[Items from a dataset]
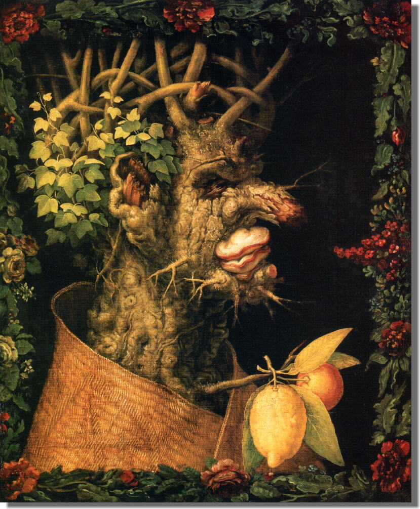 季節の花や果物で人物を描くことによって永遠の繁栄を願うものでアルチンボルドの代表作でもある。
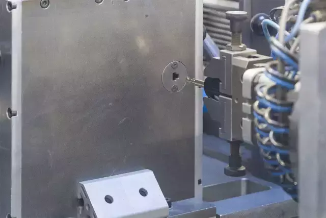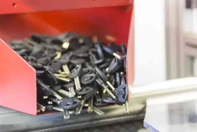 一次可以配两把钥,流水线工作。不过由于涉及商业机密,不方便透露具体工作流程,据工作人员介绍,这台自主生产的机器造价超过百万欧元
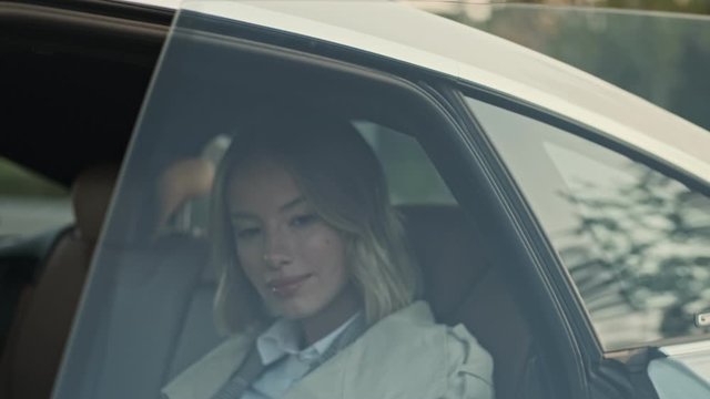 Smiling handsome man in suit opening a car door for happy pretty elegant blonde woman and helping her getting out of the car on airport parking outdoors
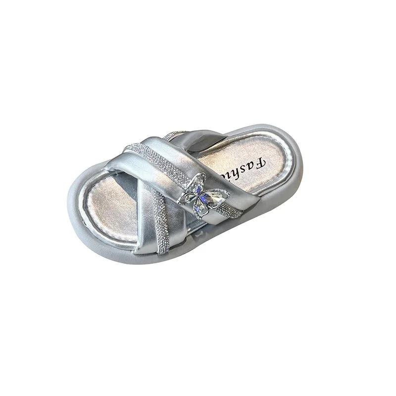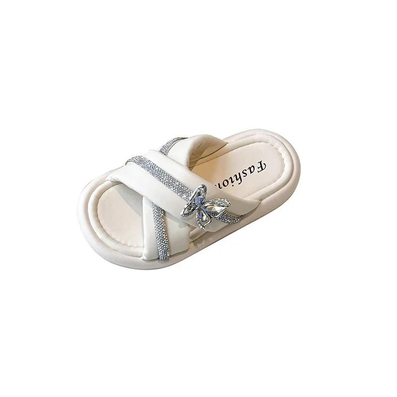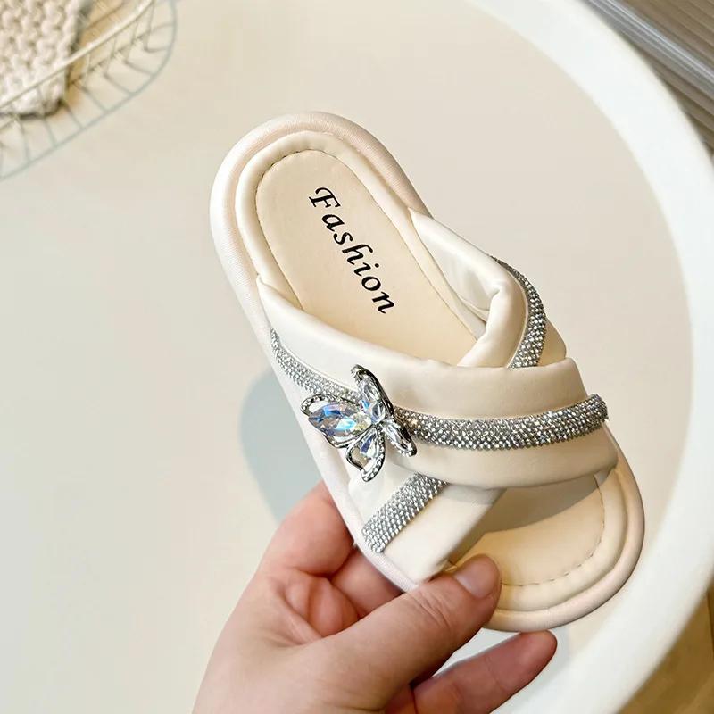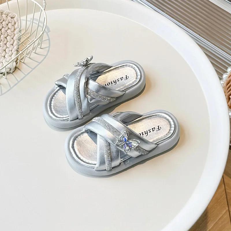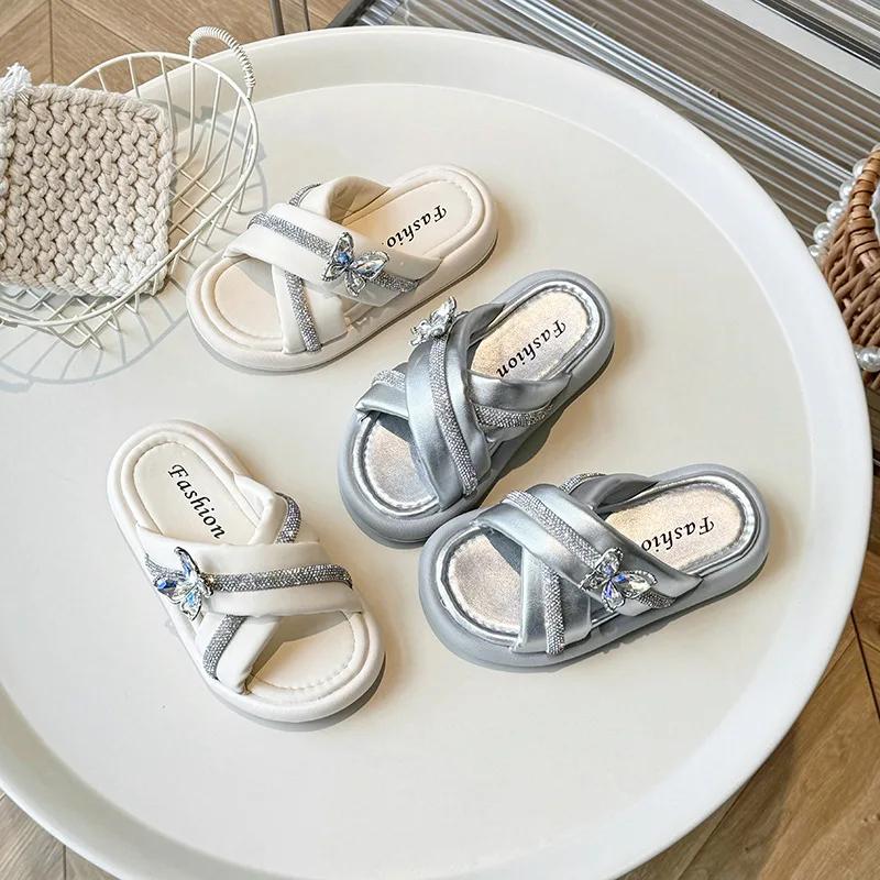 Новые сандалии принцессы для девочек с блестящими кристаллами 2024 года, новые детские тапочки с милыми бабочками, повседневная пляжная обувь для девочек на открытом воздухе
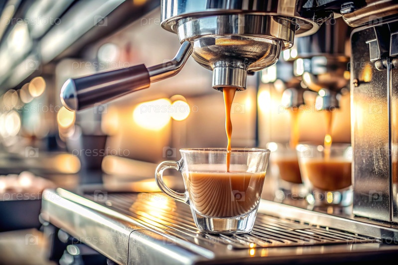 Свежеваренный кофе, заливаемый из кофейной машины на размытом фоне кафе или ресторана
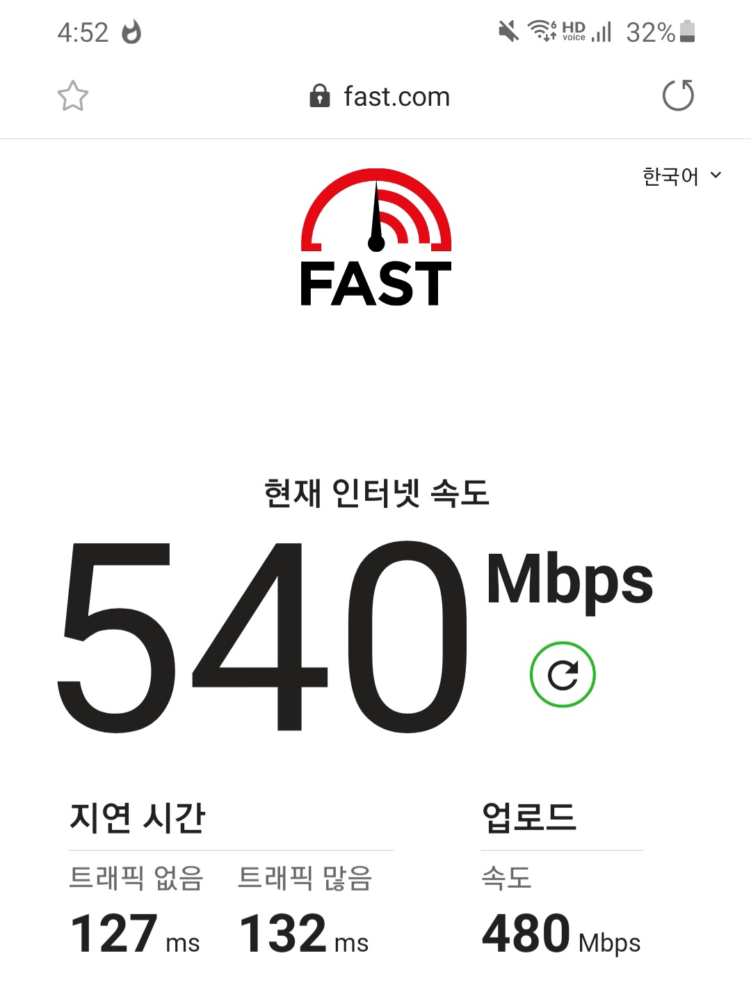 갤럭시S20 울트라 단독 측정시에는 540Mbps가 나왔고, 업로드도 480Mbps가 나와서 정말 시원시원했는데요.
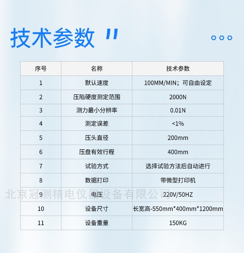 1、 压陷量预先设定,通过计时电路精确控制压陷量;
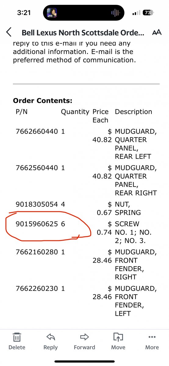 All the OEM parts you need. Only part number that wasn’t marked were the 6 (3 per side) self tapping screws you need for the rear.
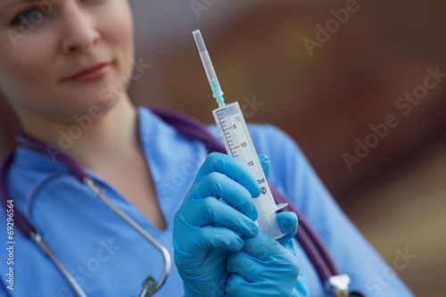 female doctor holding a syringe
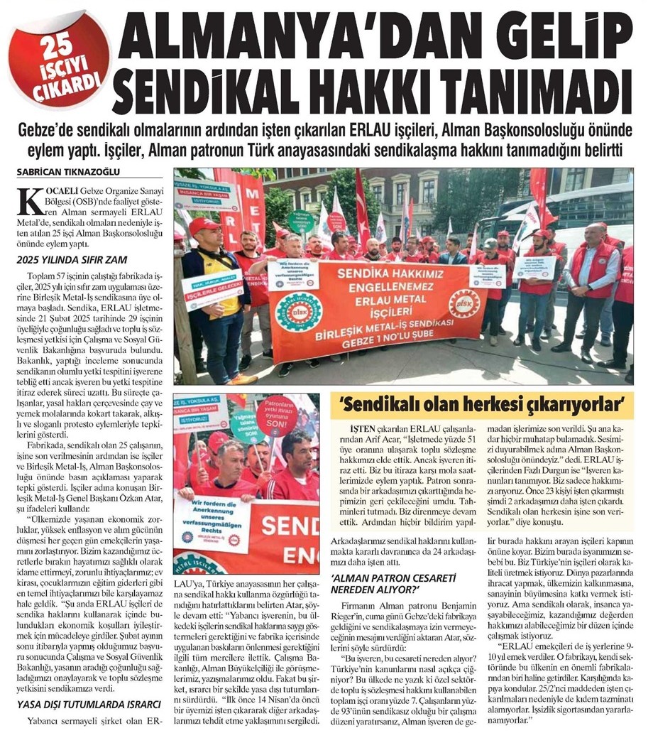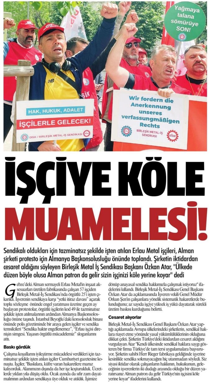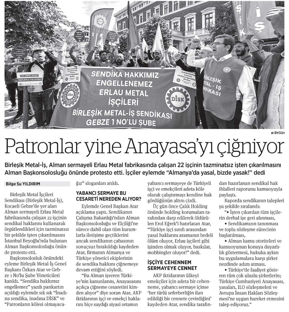Gebze’deki Erlau fabrikasında sendikalı oldukları için işten atılan ve anayasal sendika hakları için bir aydır direnişlerini sürdüren üyelerimizin Almanya Başkonsolosluğu önünde gerçekleştirdiği eylem, medyada geniş yer buldu.
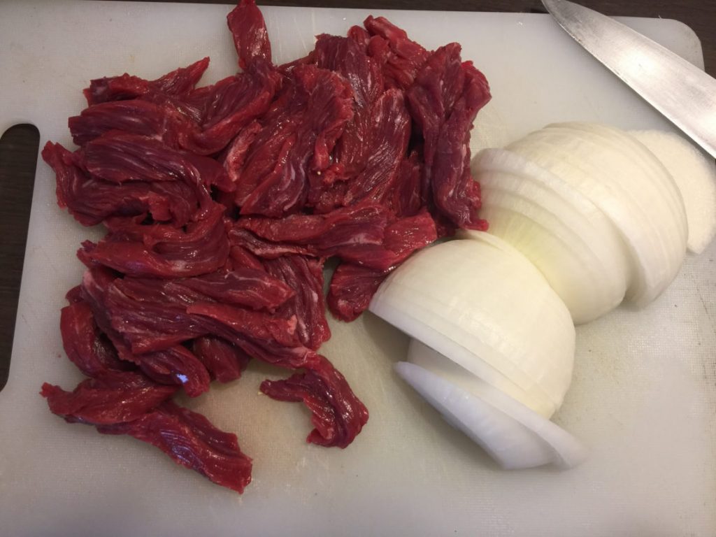 - Découper la bavette en lamelle et l’oignon en demi rondelles grossières (cf. photos).
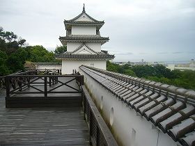 本丸の四隅にはそれぞれ三重櫓が建っていた。北側の2基はすでに失われてしまっているが、南側の巽櫓と未申櫓の2基は現存である。(以前訪れた時には、この2つの櫓を結ぶ白塀存在していなかったが、久しぶりに訪れてみると、2つの櫓は白塀で結ばれていた。こんなささやかなものでも、あると、かなり見た目がいい感じになるものである) 1994年の阪神淡路大震災では、この2基の櫓と、その下の石垣も被害を受けてしまった。そこで、櫓をレールによってそのまま奥に移動させ、石垣を積みなおすという作業が行われた。現在、この城の石垣を見ると積み方が新しく見える部分があるが、それはその際に積み直されたものである。
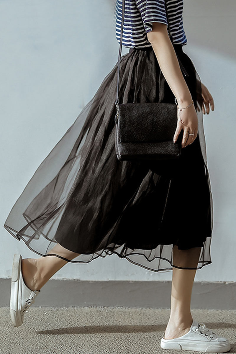 This skirt is super light and soft. more importantly. the color would change according to the sunlight. If you're an art girl. this would be your perfect choice in the early fall even in summer. The pleat design mix with mesh sense. like a fairy in the forest. isn't it?
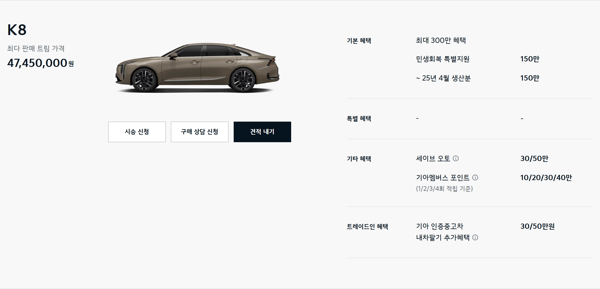 K8 또한 K5와 마찬가지로, 26년형이 출시하였기에, 할인이 되는 모델은 동일하게 25년형이 아닐까 싶습니다.
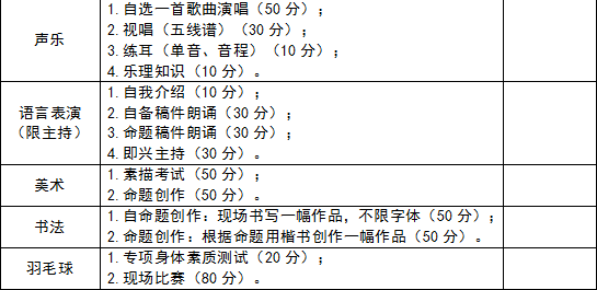 1.根据学校艺体团队建设的需求,对部分项目招生类别进行了细化。
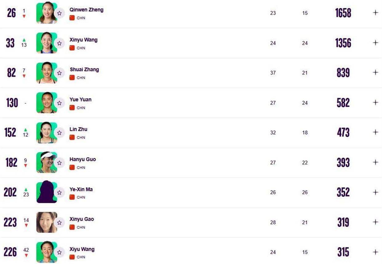 而在资格赛中折戟的袁悦、王曦雨等人,排名均有不同程度的下滑。袁悦排在第130位,王曦雨则下滑42位,排到了第226位。中国女网的梯队竞争,因为核心球员的伤病和年轻球员的起伏,呈现出一种充满变数的格局。
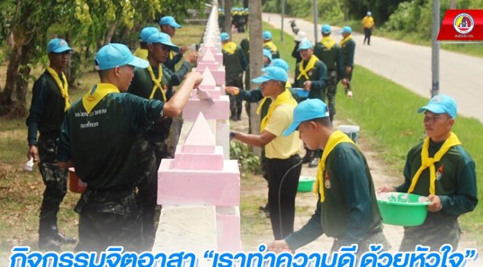 กองพันทหารราบที่ 2 กรมทหารราบที่ 153 นำกำลังพลจิตอาสาพระราชทานของหน่วย ร่วมกับ นิสิต นักศึกษา และบุคลากรของมหาลัย ร่วมกิจกรรมจิตอาสา “เราทำความดี ด้วยหัวใจ” พัฒนาศาสนสถาน ปรับปรุงภูมิทัศน์ มหาวิทยาลัยมหาจุฬาลงกรณราชวิทยาลัย วิทยาลัยสงฆ์ปัตตานี ตำบลรูสะมิแล อำเภอเมือง จังหวัดปัตตานี โดยได้ร่วมกันดำเนินการปรับปรุงภูมิทัศน์ ขัดล้าง ทาสี กำแพงรั้ว เพื่อให้มีสภาพสวยงาม เป็นที่น่ามองต่อประชาชนผู้สัญจรไป-มา เนื่องจากสีกำแพงรั้วมหาวิทยาลัยได้มีสภาพเก่า ซีด สีหลุดร่อน บางจุดมีรอยแตกร้าวทรุดโทรมจากการใช้งานมานาน
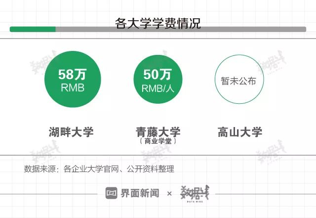 据湖畔大学和青藤大学官网,湖畔大学三年学费为58万人民币,包含教学费用、相关资料费用,但不含路途费、住宿费、游学费,且入学前缴纳完成。青藤大学-商业学堂的学费标准为50万RMB/人。
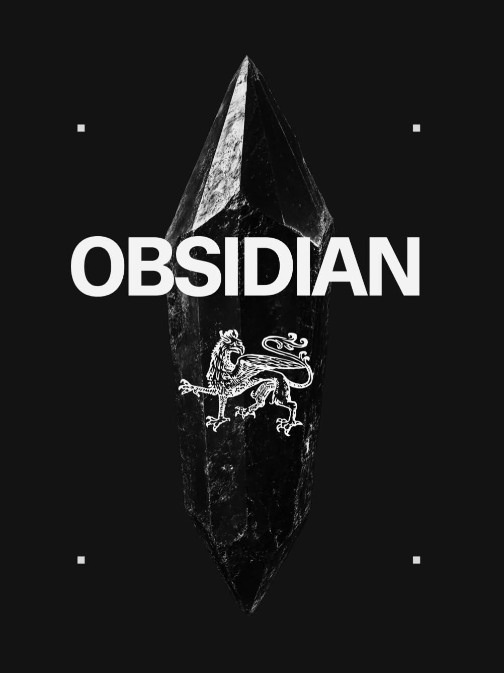 This is a stark, high-contrast graphic design featuring a sharp, dark crystal or shard shape dominating the frame. The design employs minimalist typography and a detailed silhouette of a lion, creating an intense and somewhat dark aesthetic.
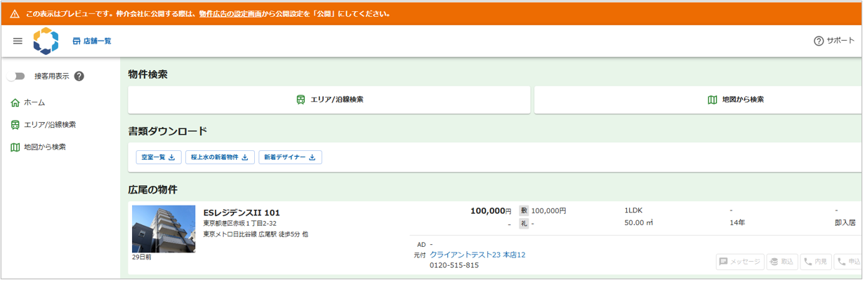 仲介会社に公開する際は、物件広告の設定画面から公開設定を「公開」にしてください。
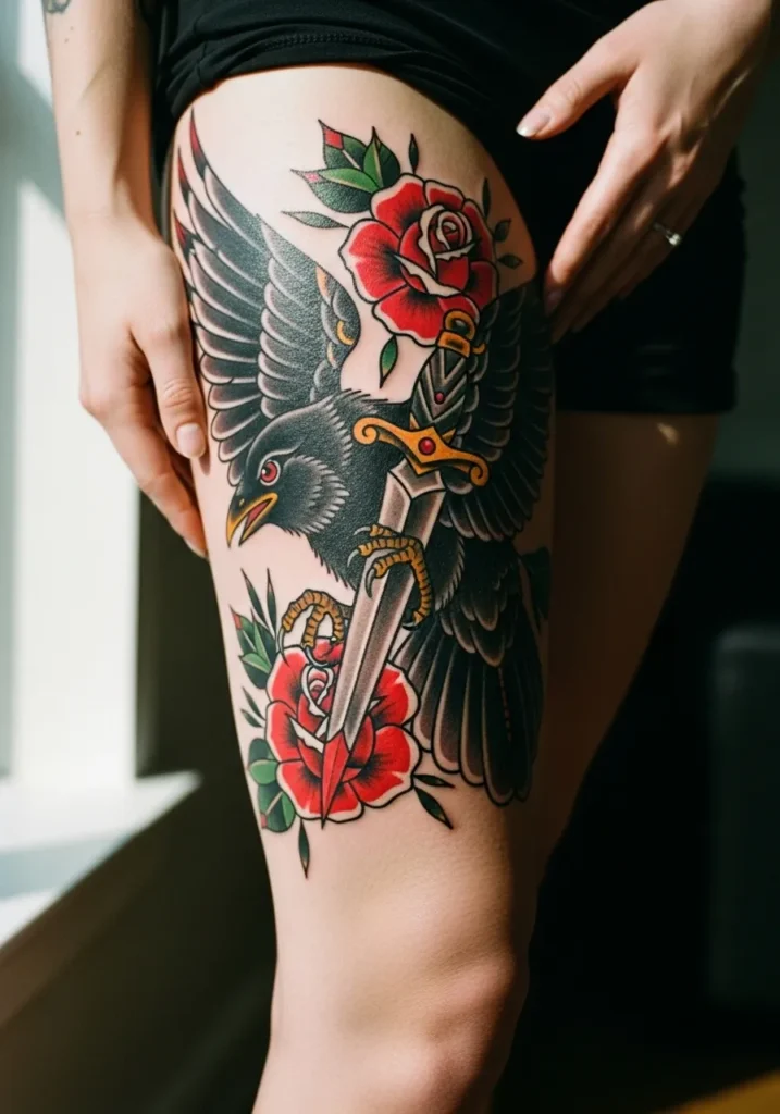 This thigh tattoo showcases a detailed raven gripping a dagger, framed by bright red roses and green leaves. The mix of bold black ink with vibrant reds and gold touches gives it that perfect American Traditional look. The size and placement make it dramatic but still elegant, wrapping naturally around the thigh.
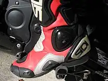 Motorcycle boots are associated with motorcycle riders and range from above ankle to below knee boots. They have an outside of a typical boot but a low heel to control the motorcycle. To improve motorcycle safety, motorcycle boots are generally made from a thick, heavy leather and may include energy absorbing and load spreading padding, metal, plastic and/or composite materials to protect the motorcycle rider's feet, ankles and legs in an accident. For use in wet weather, some boots have a waterproof membrane lining such as Gore-Tex or SympaTex.
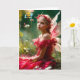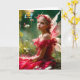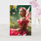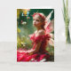 Eine schöne junge Fee mit zarten Flügeln und einem roten Kleid sitzt inmitten eines üppigen Gartens mit Blume und Blätter, die sie umgeben. Sie trägt eine Blumenkrone und blickt gedanklich in die Ferne, gebadet in sanftem, natürlichem Licht. Sie sieht so traurig aus, dass eine vorbeifahrende Biene in Tränen ausbricht.

### What you will do
The data above holds the lines to copy: start at the one with "This skirt is", stop at the one with "K8 또한 K5와 마찬가지로, 26년형이", include both, copy them exactly without pictures, and copy nothing else.

### The completed task
 This skirt is super light and soft. more importantly. the color would change according to the sunlight. If you're an art girl. this would be your perfect choice in the early fall even in summer. The pleat design mix with mesh sense. like a fairy in the forest. isn't it?
 K8 또한 K5와 마찬가지로, 26년형이 출시하였기에, 할인이 되는 모델은 동일하게 25년형이 아닐까 싶습니다.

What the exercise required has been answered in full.